WORK INSTRUCTION
Reproduce only the lines below from the line containing "Copper string light" to the line containing "Get 20% off", exactly as written, with both end lines kept. Omit the pictures.

RECORDS SHOWN
····················

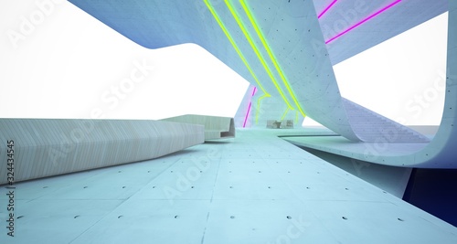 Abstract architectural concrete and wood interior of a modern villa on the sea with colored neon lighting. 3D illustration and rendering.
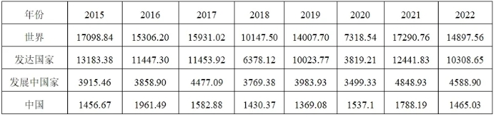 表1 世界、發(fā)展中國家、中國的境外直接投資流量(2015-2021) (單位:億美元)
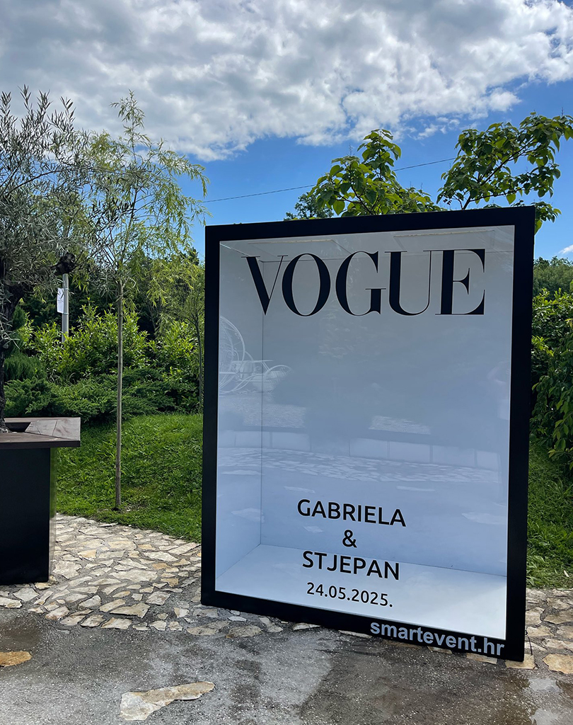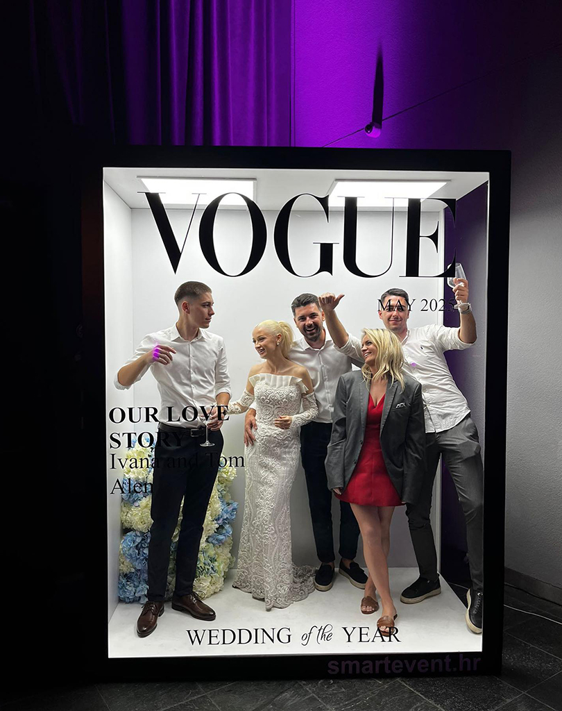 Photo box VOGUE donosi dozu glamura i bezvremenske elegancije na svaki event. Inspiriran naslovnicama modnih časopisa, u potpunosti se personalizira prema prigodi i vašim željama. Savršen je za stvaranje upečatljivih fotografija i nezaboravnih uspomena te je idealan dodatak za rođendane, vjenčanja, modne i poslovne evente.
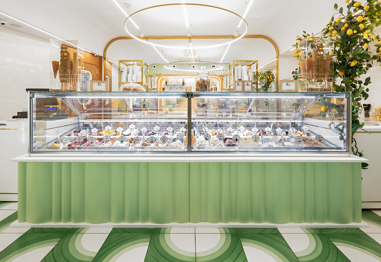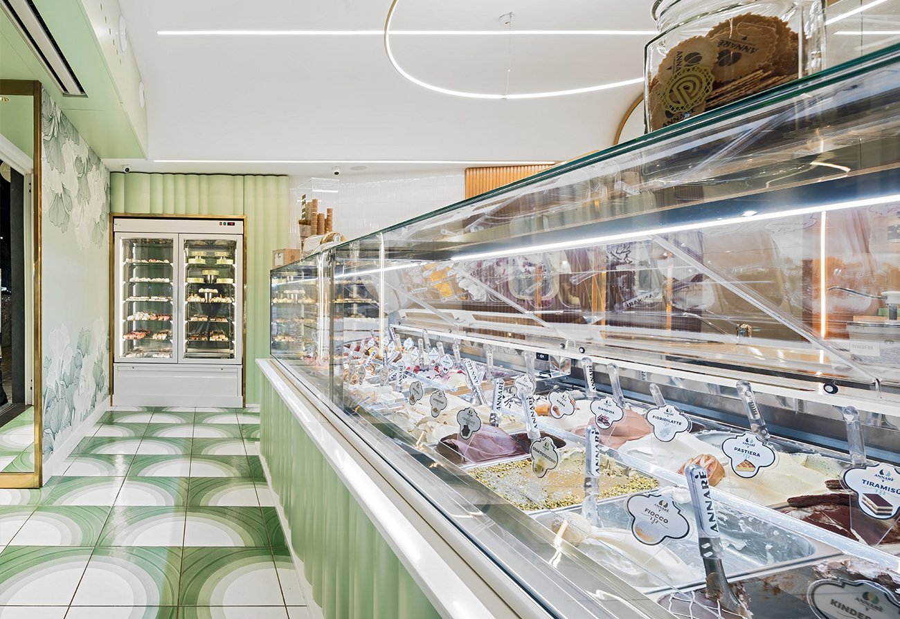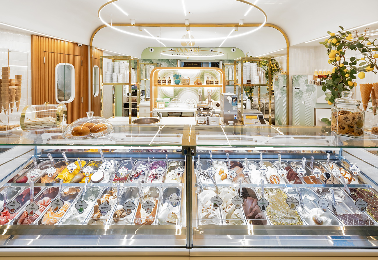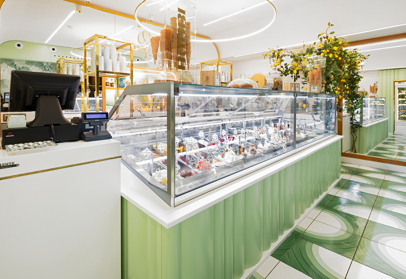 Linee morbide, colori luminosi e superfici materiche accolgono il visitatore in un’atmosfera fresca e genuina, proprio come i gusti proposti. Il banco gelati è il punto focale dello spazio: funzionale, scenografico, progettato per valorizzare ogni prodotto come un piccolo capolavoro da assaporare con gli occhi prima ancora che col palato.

····················

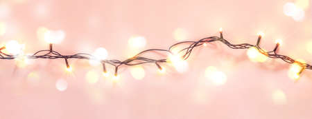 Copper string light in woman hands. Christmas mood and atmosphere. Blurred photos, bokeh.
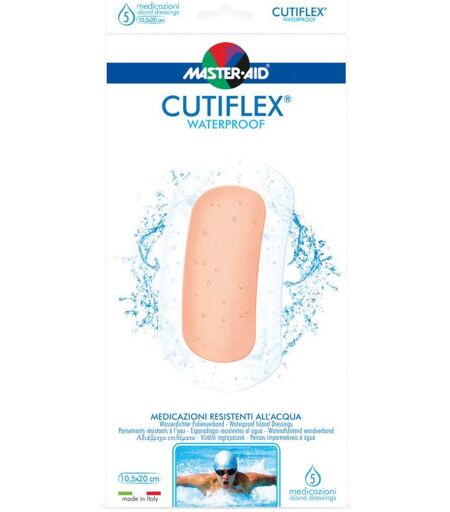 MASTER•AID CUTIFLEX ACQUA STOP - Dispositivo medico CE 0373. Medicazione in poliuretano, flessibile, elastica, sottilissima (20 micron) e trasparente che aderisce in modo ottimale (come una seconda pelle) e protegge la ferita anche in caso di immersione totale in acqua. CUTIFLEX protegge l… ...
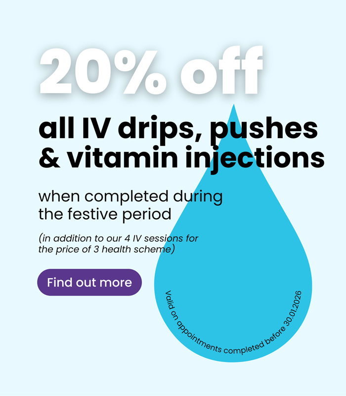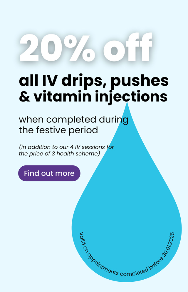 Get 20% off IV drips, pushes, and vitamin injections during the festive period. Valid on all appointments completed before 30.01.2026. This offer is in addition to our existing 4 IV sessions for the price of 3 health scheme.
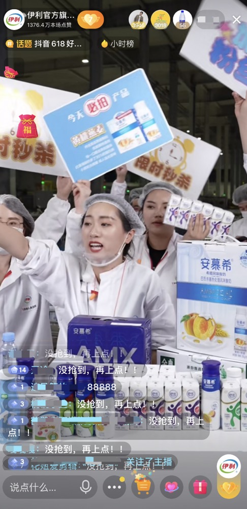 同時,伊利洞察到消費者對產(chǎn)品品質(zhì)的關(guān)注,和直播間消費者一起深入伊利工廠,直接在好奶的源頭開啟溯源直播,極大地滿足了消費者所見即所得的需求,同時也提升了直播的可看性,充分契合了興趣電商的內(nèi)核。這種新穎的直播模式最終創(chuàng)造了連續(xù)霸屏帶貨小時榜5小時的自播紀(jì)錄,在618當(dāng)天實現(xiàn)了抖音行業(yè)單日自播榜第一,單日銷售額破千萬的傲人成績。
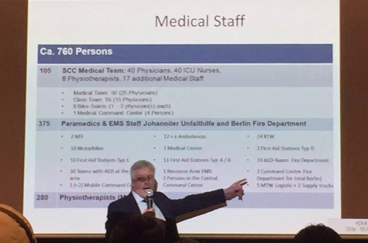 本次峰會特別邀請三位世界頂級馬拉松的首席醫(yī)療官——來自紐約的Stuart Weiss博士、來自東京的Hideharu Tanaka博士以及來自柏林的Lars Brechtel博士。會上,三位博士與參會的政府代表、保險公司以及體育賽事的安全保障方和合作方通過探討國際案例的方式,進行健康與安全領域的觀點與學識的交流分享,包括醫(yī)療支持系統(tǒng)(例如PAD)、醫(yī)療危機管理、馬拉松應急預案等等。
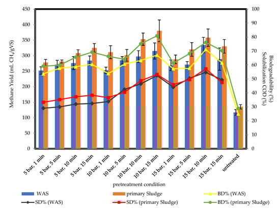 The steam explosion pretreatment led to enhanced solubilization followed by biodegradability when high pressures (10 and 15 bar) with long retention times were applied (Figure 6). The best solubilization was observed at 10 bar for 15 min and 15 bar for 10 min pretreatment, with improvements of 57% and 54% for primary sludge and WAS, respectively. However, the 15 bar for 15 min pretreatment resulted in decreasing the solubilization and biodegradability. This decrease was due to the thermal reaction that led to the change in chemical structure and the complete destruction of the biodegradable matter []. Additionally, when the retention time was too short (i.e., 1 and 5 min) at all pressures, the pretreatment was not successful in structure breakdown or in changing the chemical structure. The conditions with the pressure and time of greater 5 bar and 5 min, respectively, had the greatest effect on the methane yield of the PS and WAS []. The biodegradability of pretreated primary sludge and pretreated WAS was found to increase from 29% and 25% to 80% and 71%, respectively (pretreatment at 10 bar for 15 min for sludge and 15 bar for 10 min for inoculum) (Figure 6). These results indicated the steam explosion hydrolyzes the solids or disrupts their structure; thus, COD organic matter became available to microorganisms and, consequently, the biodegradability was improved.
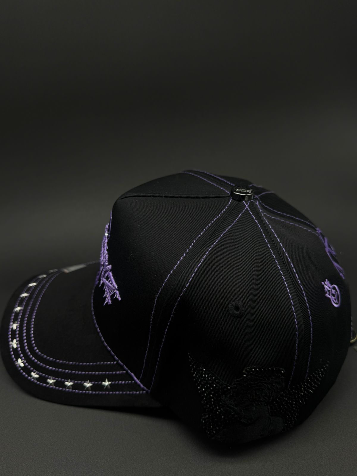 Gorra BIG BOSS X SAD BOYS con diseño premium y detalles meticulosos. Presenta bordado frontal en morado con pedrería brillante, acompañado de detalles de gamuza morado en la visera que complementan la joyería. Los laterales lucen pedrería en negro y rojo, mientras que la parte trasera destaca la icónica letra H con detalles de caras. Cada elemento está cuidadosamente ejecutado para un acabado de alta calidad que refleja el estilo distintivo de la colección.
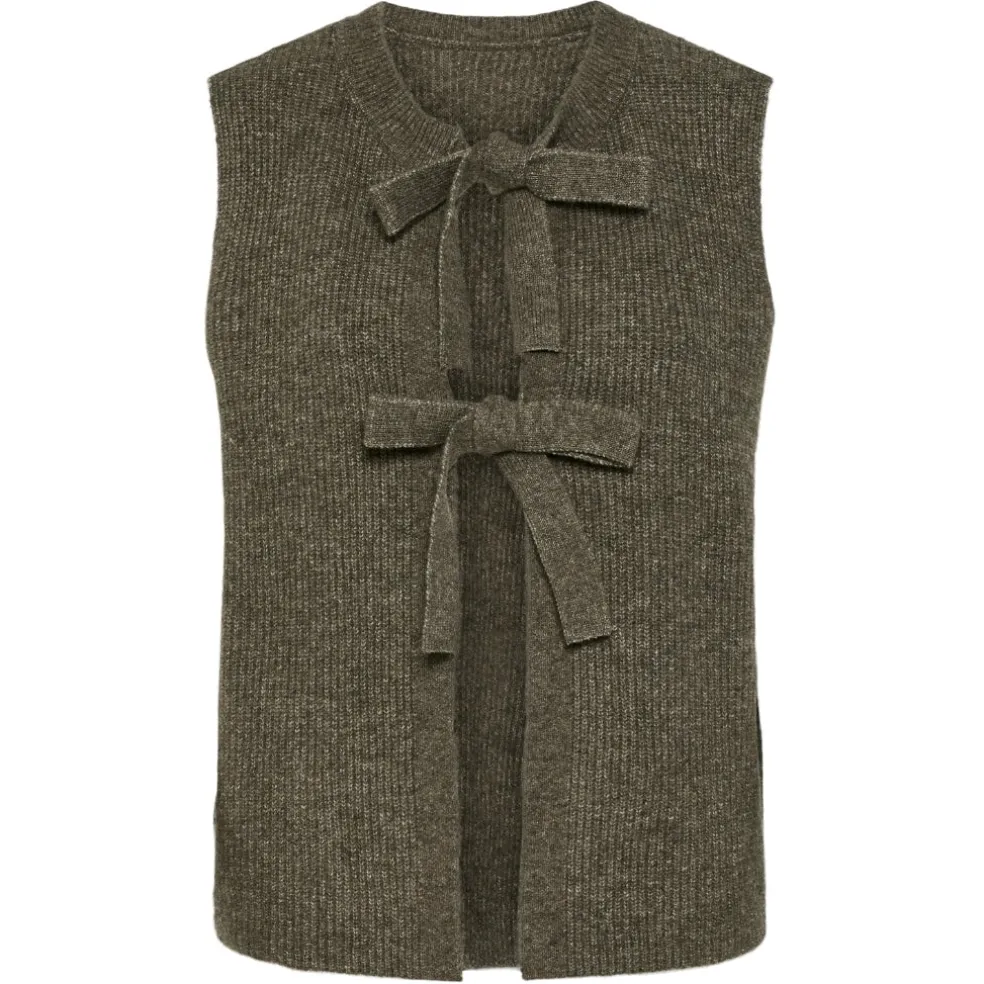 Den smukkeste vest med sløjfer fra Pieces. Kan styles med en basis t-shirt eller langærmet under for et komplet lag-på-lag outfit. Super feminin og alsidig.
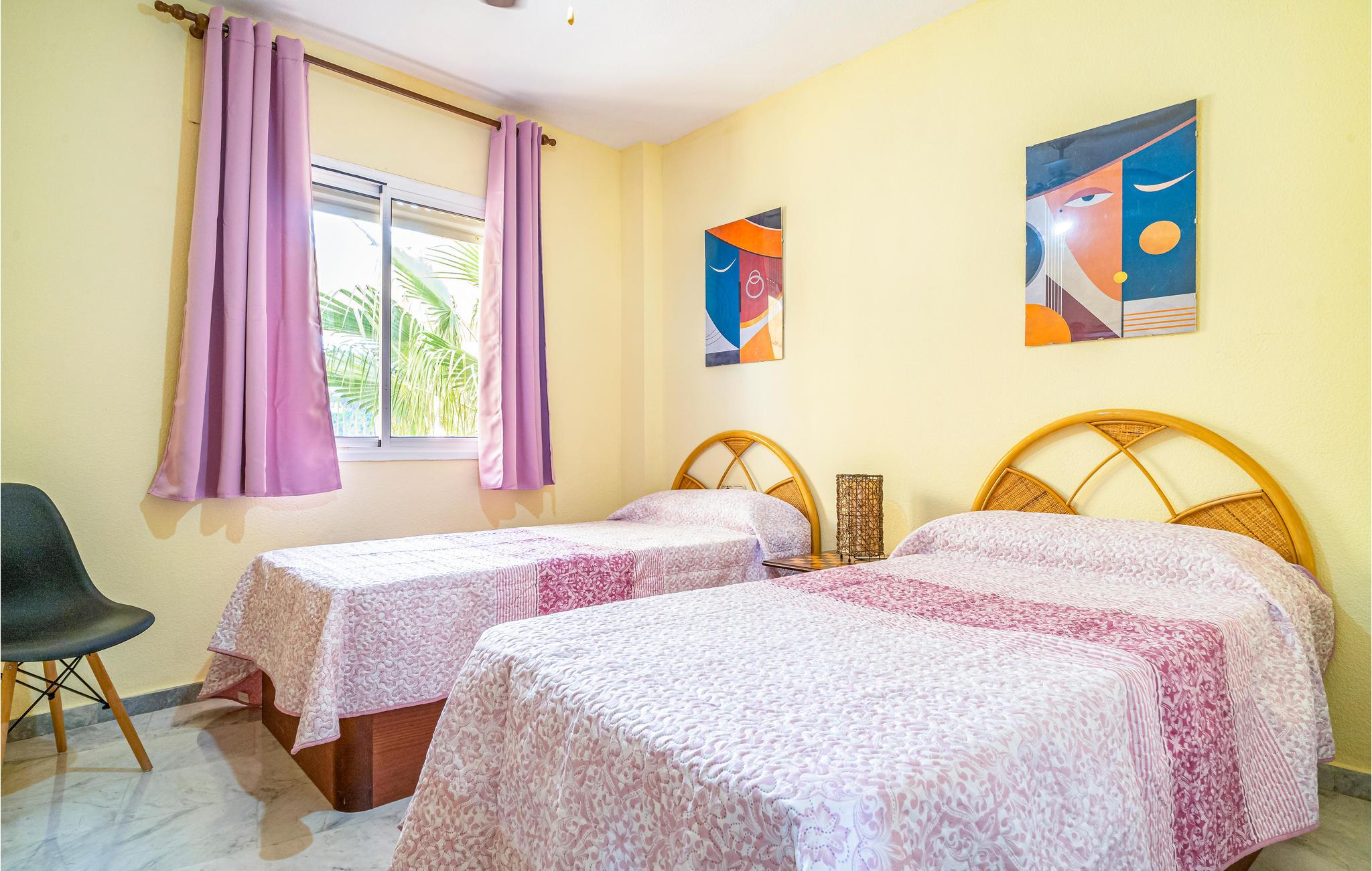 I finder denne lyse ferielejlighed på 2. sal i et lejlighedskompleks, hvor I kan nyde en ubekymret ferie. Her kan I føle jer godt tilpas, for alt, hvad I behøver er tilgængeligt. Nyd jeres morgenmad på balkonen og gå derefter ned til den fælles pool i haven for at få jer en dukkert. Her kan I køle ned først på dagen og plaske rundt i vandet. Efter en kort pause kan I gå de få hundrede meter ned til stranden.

····················

TASK ANSWER
 Copper string light in woman hands. Christmas mood and atmosphere. Blurred photos, bokeh.
 MASTER•AID CUTIFLEX ACQUA STOP - Dispositivo medico CE 0373. Medicazione in poliuretano, flessibile, elastica, sottilissima (20 micron) e trasparente che aderisce in modo ottimale (come una seconda pelle) e protegge la ferita anche in caso di immersione totale in acqua. CUTIFLEX protegge l… ...
 Get 20% off IV drips, pushes, and vitamin injections during the festive period. Valid on all appointments completed before 30.01.2026. This offer is in addition to our existing 4 IV sessions for the price of 3 health scheme.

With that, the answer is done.